TASK TO CARRY OUT
Pictures stay out; everything else in the records below is copied exactly.

EXTRACTED ENTRIES
== == ==

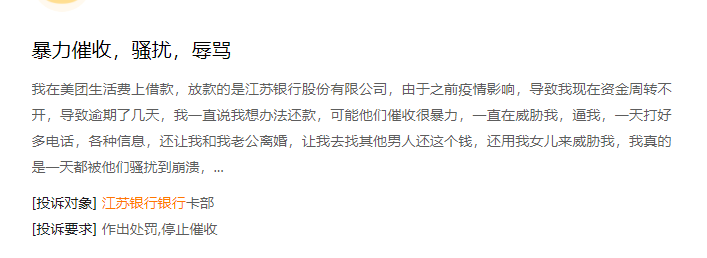 暴力催收也是投诉重灾区,有用户反映,在美团生活费上借款,放款是江苏银行,逾期几天,一直打电话发信息威胁自己和家人,还了一个号码还是继续发短信,对自己和家人的生活造成严重影响。
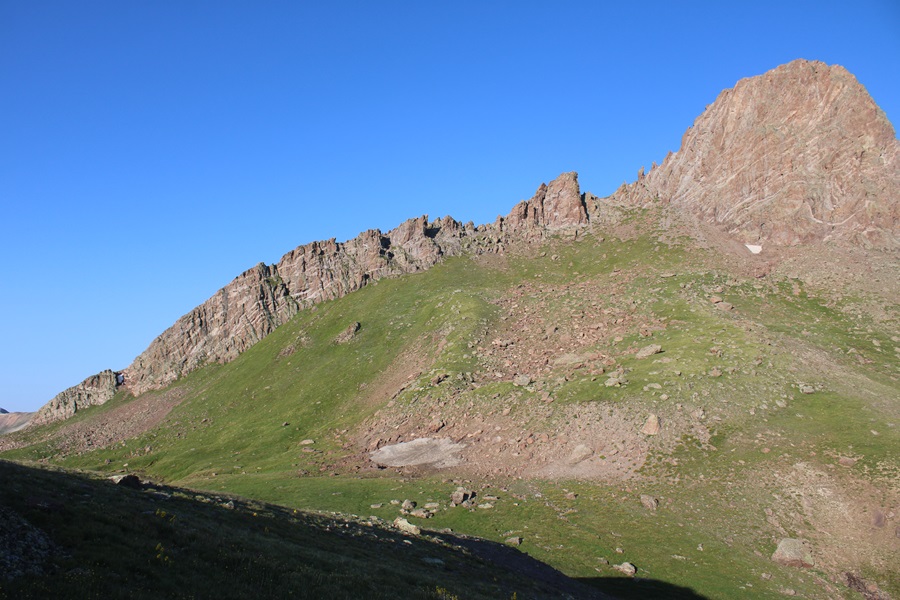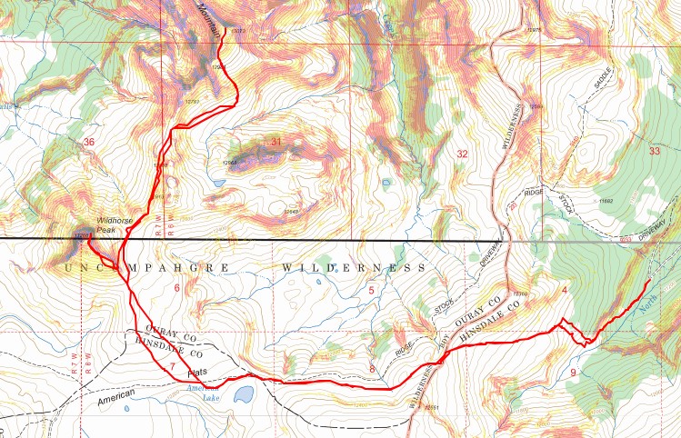 Here the trail got ‘iffy’, as it turned into a kind of mining road that hasn’t been used in several decades. I followed it as I passed American Lake to my left. After hiking for a total of just over 3 miles, and at around 12290’ of elevation, I left the trail to head northwest towards the saddle of Wildhorse Peak.
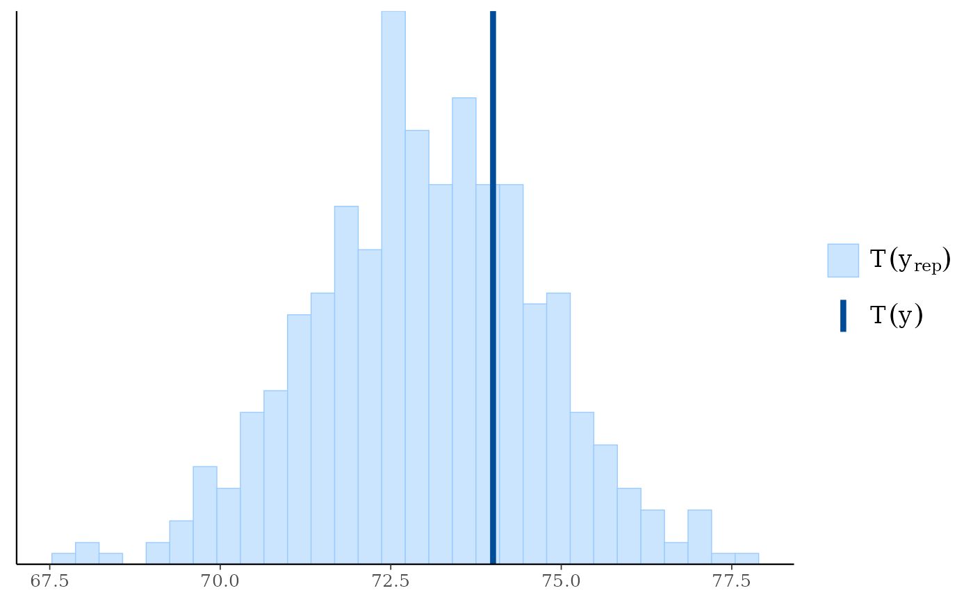NOTE: Although the default test statistic is the mean, this is unlikely to detect anything interesting in most cases. In general we recommend using some other test statistic as discussed in Section 5 of Gabry et al. (2019).
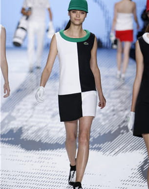 Fraîche, jeune, sportswear, chic, tels sont les maîtres mots pour qualifier la nouvelle collection printemps-été de la célèbre marque au crocodile. Entre tenues élégantes pour la ville et jupettes plus décontractées, couleurs flashy ou teintes plus naturelles, Christophe Lemaire, le directeur artistique de Lacoste, a pensé à tous les styles. Vous aimez l'influence pop sixties ?  Voilà une robe qui devrait vous combler pour cet été. Façon damier noir et blanc, elle est originalement agrémentée d'un col rond couleur chlorophille pour la petite note de fraîcheur des plus agréables. Et on n'oublie surtout pas la casquette cavalière assortie !
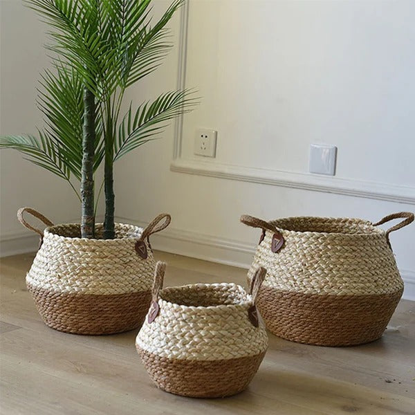 Organize your home in style with these beautifully crafted Handwoven Storage Baskets with Handles. Made from durable natural fibers, these baskets offer the perfect combination of functionality and aesthetic appeal. Their elegant two-tone woven design adds warmth and texture to any room while keeping your space neat and clutter-free.
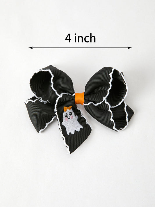 Halloween Ghost Embroidered Black Bow Hairpin
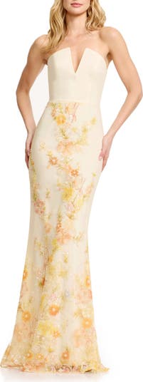 Fernanda Bead Embellished Floral Strapless Gown
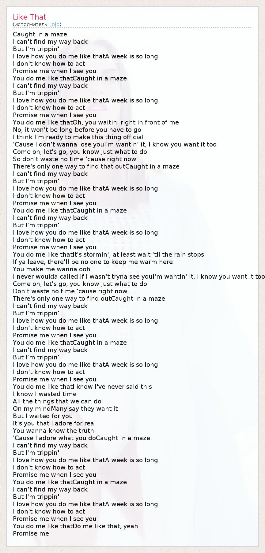 Это интересно:Джоанна Ноелл Левески или ДжоДжо выпустила дебютный альбом “JoJo” 22 июня 2004 года, который разошёлся тиражом почти 2 миллиона копий, и получил статус платинового диска. На тот момент Джоанне было всего 13 лет! Её песня "Leave (Get Out)" стала международным хитом. Второй сингл с этого альбома "Baby It's You" стал золотым.«The High Road» - второй альбом талантливой молодой американской певицы... продолжение
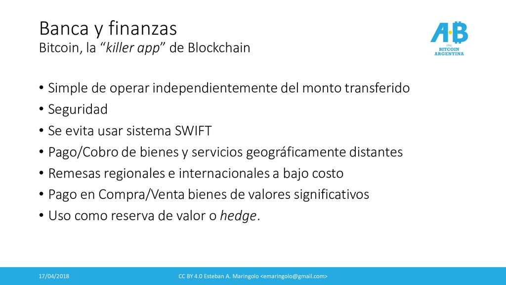 Simple de operar independientemente del monto transferido • Seguridad • Se evita usar sistema SWIFT • Pago/Cobro de bienes y servicios geográficamente distantes • Remesas regionales e internacionales a bajo costo • Pago en Compra/Venta bienes de valores significativos • Uso como reserva de valor o hedge. 17/04/2018 CC BY 4.0 Esteban A. Maringolo <[email protected]>
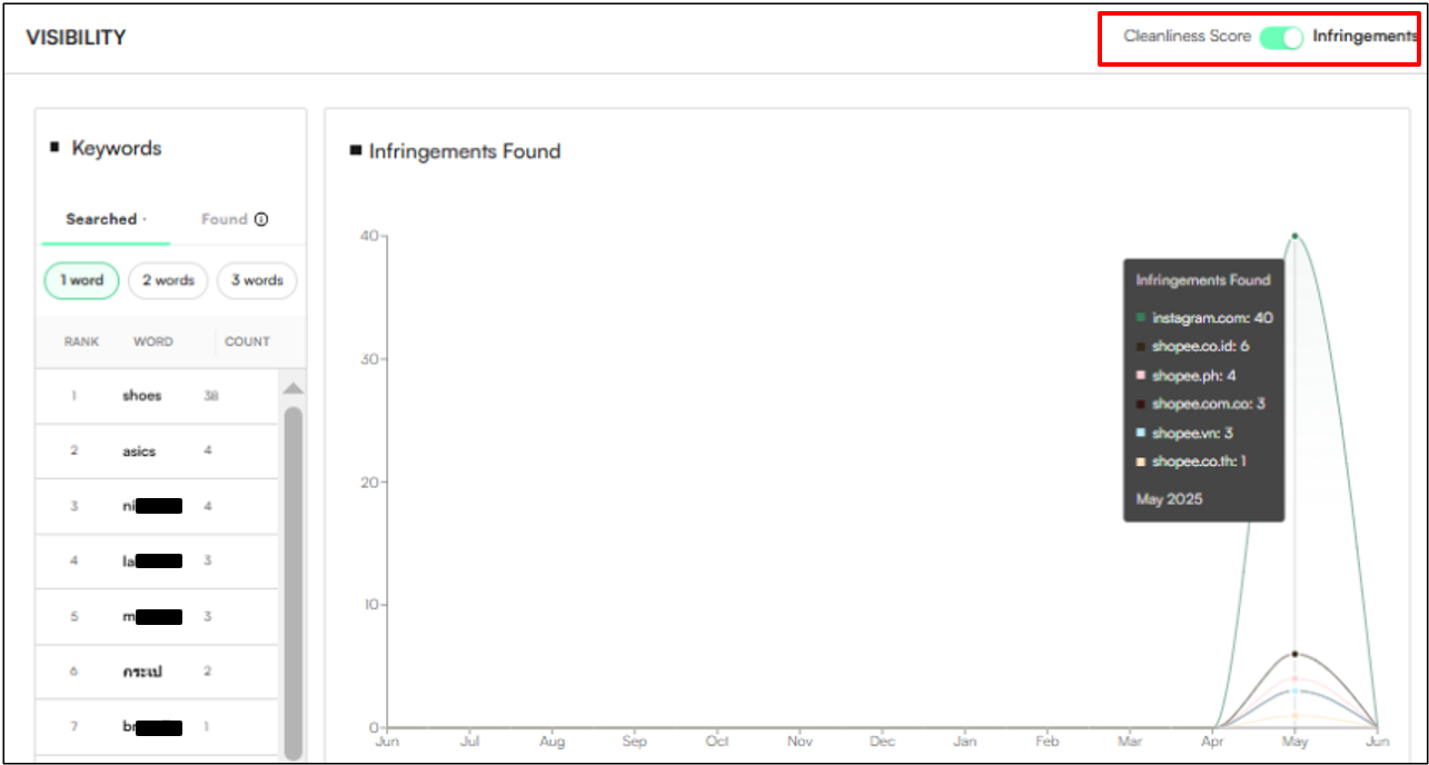 Users can assess how free specific platforms or domains are from infringements, using keyword-based metrics:
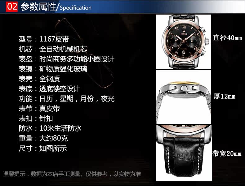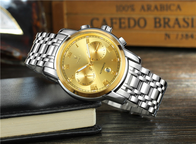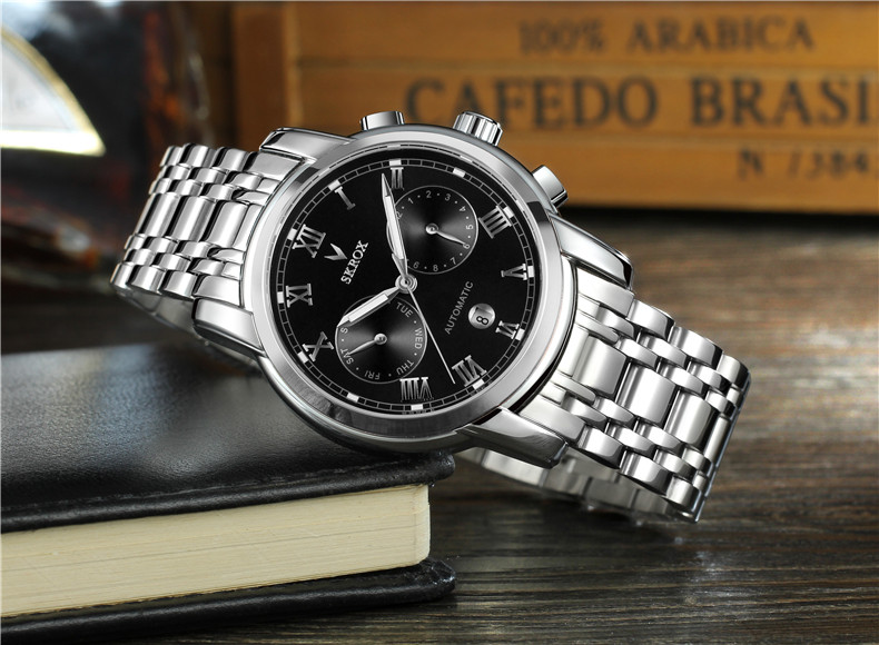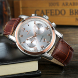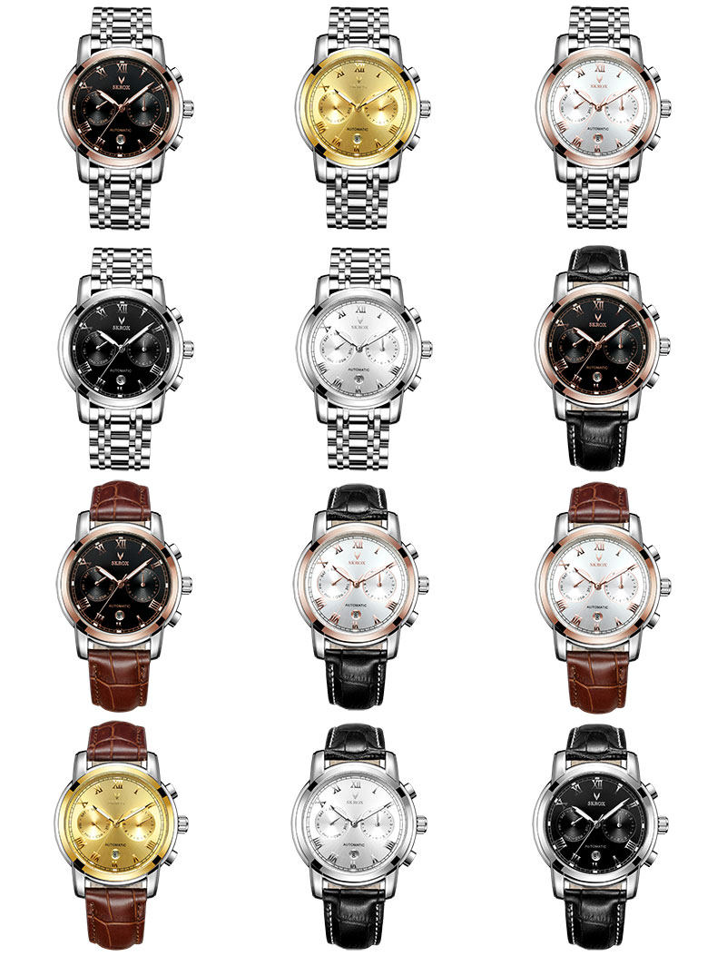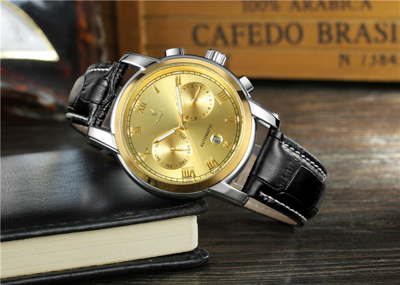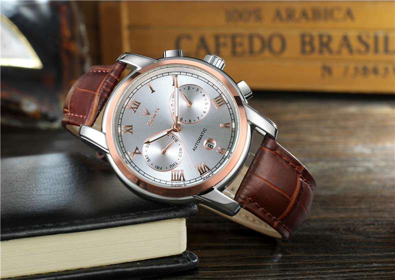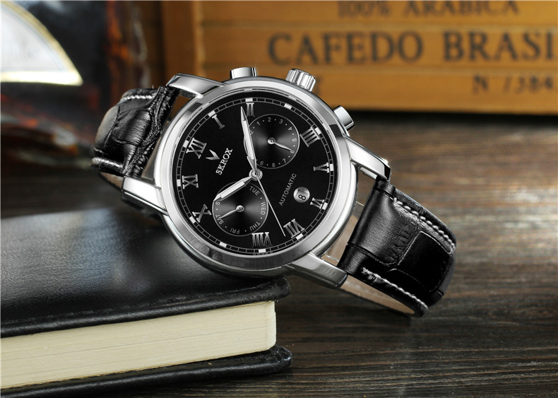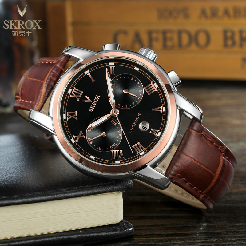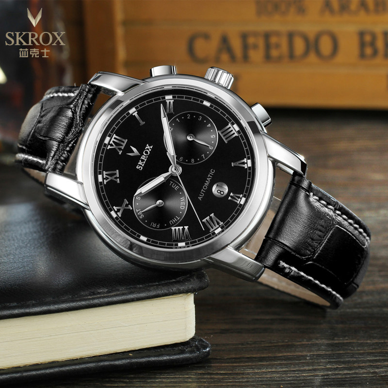 Универсальный календарь, водонепроницаемый ремень, механические механические часы, из натуральной кожи, полностью автоматический

== == ==

WRITTEN RESPONSE
 暴力催收也是投诉重灾区,有用户反映,在美团生活费上借款,放款是江苏银行,逾期几天,一直打电话发信息威胁自己和家人,还了一个号码还是继续发短信,对自己和家人的生活造成严重影响。
 Here the trail got ‘iffy’, as it turned into a kind of mining road that hasn’t been used in several decades. I followed it as I passed American Lake to my left. After hiking for a total of just over 3 miles, and at around 12290’ of elevation, I left the trail to head northwest towards the saddle of Wildhorse Peak.
NOTE: Although the default test statistic is the mean, this is unlikely to detect anything interesting in most cases. In general we recommend using some other test statistic as discussed in Section 5 of Gabry et al. (2019).
 Fraîche, jeune, sportswear, chic, tels sont les maîtres mots pour qualifier la nouvelle collection printemps-été de la célèbre marque au crocodile. Entre tenues élégantes pour la ville et jupettes plus décontractées, couleurs flashy ou teintes plus naturelles, Christophe Lemaire, le directeur artistique de Lacoste, a pensé à tous les styles. Vous aimez l'influence pop sixties ?  Voilà une robe qui devrait vous combler pour cet été. Façon damier noir et blanc, elle est originalement agrémentée d'un col rond couleur chlorophille pour la petite note de fraîcheur des plus agréables. Et on n'oublie surtout pas la casquette cavalière assortie !
 Organize your home in style with these beautifully crafted Handwoven Storage Baskets with Handles. Made from durable natural fibers, these baskets offer the perfect combination of functionality and aesthetic appeal. Their elegant two-tone woven design adds warmth and texture to any room while keeping your space neat and clutter-free.
 Halloween Ghost Embroidered Black Bow Hairpin
 Fernanda Bead Embellished Floral Strapless Gown
 Это интересно:Джоанна Ноелл Левески или ДжоДжо выпустила дебютный альбом “JoJo” 22 июня 2004 года, который разошёлся тиражом почти 2 миллиона копий, и получил статус платинового диска. На тот момент Джоанне было всего 13 лет! Её песня "Leave (Get Out)" стала международным хитом. Второй сингл с этого альбома "Baby It's You" стал золотым.«The High Road» - второй альбом талантливой молодой американской певицы... продолжение
 Simple de operar independientemente del monto transferido • Seguridad • Se evita usar sistema SWIFT • Pago/Cobro de bienes y servicios geográficamente distantes • Remesas regionales e internacionales a bajo costo • Pago en Compra/Venta bienes de valores significativos • Uso como reserva de valor o hedge. 17/04/2018 CC BY 4.0 Esteban A. Maringolo <[email protected]>
 Users can assess how free specific platforms or domains are from infringements, using keyword-based metrics:
 Универсальный календарь, водонепроницаемый ремень, механические механические часы, из натуральной кожи, полностью автоматический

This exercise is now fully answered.